Isaac Asimov believed that Shakespeare actually retarded the developement of English in the sense that although it had rapdily been developing up until then, people did not want the language to change to such an extent that Shakespeare's English would become foreign to us.

Asimov was wrong. Shakespeare did not develop the cultural power and influence he currently has until the 1800s.

His reputation was a matter of strong debate in the 1750s and until the 1830s, his plays were rarely performed unedited. No one would think of changing Shakespeare's language to modern English and then labelling it as Shakespeare's work today, but this routinely happened in England in the late 1700s.

The KJV had far more of a formative influence on English than Shakespeare and yet even it was reedited and modernized in the 1700s.

Well, if he's apart from the big three, who are presumably major, he is minor.

I don't think one can truly be a major poet if one has never written a major work. A King Lear, an Othello, an Aeneid, an Odyssey, a Canterbury Tales, a Paradise Lost.

Eliot downgraded Milton and the Romantics...who he thought had made poetry florid and dissociative,

And Milton has weathered this criticism admirably - although the reputation of Keats and Shelley have dimmed and Blake's has grown.

I would agree with Eliot regarding the Romantics, in fact.

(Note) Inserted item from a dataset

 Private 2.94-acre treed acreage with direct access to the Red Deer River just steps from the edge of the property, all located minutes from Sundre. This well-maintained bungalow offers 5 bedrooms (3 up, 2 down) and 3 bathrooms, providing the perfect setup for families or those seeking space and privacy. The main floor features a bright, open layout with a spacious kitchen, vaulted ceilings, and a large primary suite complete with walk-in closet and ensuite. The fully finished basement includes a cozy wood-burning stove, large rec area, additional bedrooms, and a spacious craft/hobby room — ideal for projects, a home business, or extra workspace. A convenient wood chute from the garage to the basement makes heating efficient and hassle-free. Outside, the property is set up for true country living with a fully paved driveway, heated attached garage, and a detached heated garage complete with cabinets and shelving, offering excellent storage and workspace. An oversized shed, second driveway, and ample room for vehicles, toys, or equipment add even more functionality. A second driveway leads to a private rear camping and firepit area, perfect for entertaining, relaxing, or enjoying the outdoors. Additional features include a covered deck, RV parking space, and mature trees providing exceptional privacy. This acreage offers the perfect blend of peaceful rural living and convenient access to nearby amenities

And again, he found in the metaphysicians a kindred spirit and aesthetic.

He seemed to go through all sorts of mental guymnastics to figure out a way to claim Shakespeare wasn't all that (calling Hamlet an artistc failure) but could never quite find a way.

Eliot enjoyed being a contrarian in many ways and his contrariness to leftist pieties is now injuring his reputation, sadly.

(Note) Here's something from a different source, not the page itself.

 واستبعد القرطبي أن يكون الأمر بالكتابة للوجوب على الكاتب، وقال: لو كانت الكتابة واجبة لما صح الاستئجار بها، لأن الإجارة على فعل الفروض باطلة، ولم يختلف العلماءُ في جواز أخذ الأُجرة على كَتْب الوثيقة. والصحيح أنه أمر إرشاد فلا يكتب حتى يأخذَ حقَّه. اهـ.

Ezra Pound was more important then good.

Before Pound became obsessed with Henry George's single tax cult, he had the makings of a really lasting poet - he knew the tradition inside and out, he was conversant with the entire history of European verse, he was well aware of the shortcomings and pitfalls of recent poetical heroes like Whitman and Housman, he was a bold experimenter - but it all came to naught.

His fixation on macroeconomics sucked all the joy and vitality out of his verse.

15 posted on 03/22/2005 1:23:02 PM PST by wideawake (God bless our brave soldiers and their Commander in Chief)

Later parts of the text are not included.